Now Grime’s voice was on the Sprout’s speakerphone. The volume was too high and the words got so distorted that Lizzie couldn’t even make out his accent.

II (P) vii:
Laars tried to do some work for about ten minutes and then decided that the day was shot. He was too restless. He was happy about his repaired tooth. The loss of the mouth guard was liberating. He rewarded his good mood by going online and buying three hundred dollars’ worth of assorted gear, and bidding another four hundred on more things he didn’t have space for in his apartment.

I totally suck,
he said. He took himself down a few pegs on the Ernie scale and canceled all the orders. He hoped he would be outbid on eBay, except maybe on the vintage tracksuit.

As the afternoon dragged on, Laars craved contact, gossip, pointless chat. Wasn’t that the one good thing about being in an office? The human connection. It almost always beat being alone, except when everyone got so negative that you wished they would just shut up, which lately turned out to be most of the time.

There wasn’t anyone for Laars to talk to at the moment. Jonah was nowhere to be found.
Jonah! With HABAW!
Who knew his beard was so attractive? Laars was seriously impressed. He rubbed his chin and mulled over his own beard potential.

He kept walking through the silent office. He didn’t like hearing his footsteps echo.

Lizzie sat at her desk with the phone clamped to her ear, nodding but not saying anything. Crease was deep in slumber.

Laars went to find Pru.

At her cubicle, the Unnameable was making neat piles. There was a blue dumpsterette, half full. A broom and dustpan.

What’s going on?
Laars asked, forgetting the man’s muteness.

Pru’s computer was on but the screen was blank—no words, no icons, just a field of gray. A plastic postal-service bin the color of skim milk held a stack of files. An abandoned knitting project had been tossed ignominiously on the trash heap: a glove, brown yarn with a touch of sky blue. Laars noticed that Pru had accidentally knit only three fingers.

Pru,
he said to the Unnameable.
The girl who sits here—

The Unnameable stopped sweeping and shook his head slowly. He slid his thick hand over his heart, and Laars could see, for the first time, that the Unnameable lacked a finger.

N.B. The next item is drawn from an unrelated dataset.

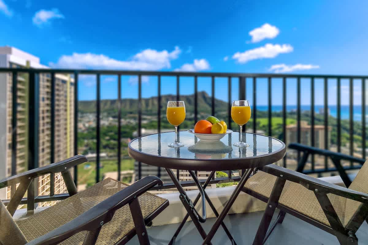 This condo managed by Midway Vacations was the perfect place for us to stay for a week on Oahu. Checkin was very east. The building is one block from the ocean, and a short walk to tons of shops and restaurants. It was an end unit on the 33rd floor, so we had great ocean views through the kitchen window and the bedroom window, as well as a view of Diamond Head and partial ocean from the living room window/lanai. The free parking was a huge plus since we also did many day trips around the island. The unit itself was a good size for two of us. The king bed was comfy. The unit came with two beach chairs, two beach towels, and an umbrella, as well as a beach mat and two sets of snorkel gear upon request. One note about the snorkel gear is that it was only a mask and snorkel, no fins. But there are plenty of rentals nearby and we went with Snorkel Bob’s. Besides that we had an amazing time here and we would definitely stay here again!

The Unnameable made an erasure movement across his mouth, to mark that what followed was secret information. Then he pointed to the end of the corridor. A light burned in the distance. Laars started walking, winding through the labyrinth at the center of which Grime resided.

II (P) viii:
Later Laars called Lizzie on her cell.
I don’t even understand what just happened,
he said.
I think Grime fired Pru.

II (Q)–II (Z): DELETED

< III >

REVERT TO SAVED

FROM: [email protected]

TO: [email protected]

RE: DEAR PRUNE

The following message was received by mailer-daemon at 21:11 on Fri May 19 and could not be delivered because no username “Prune” exists.

Tip: Check the address. Make sure you meant “jobmilla.com.”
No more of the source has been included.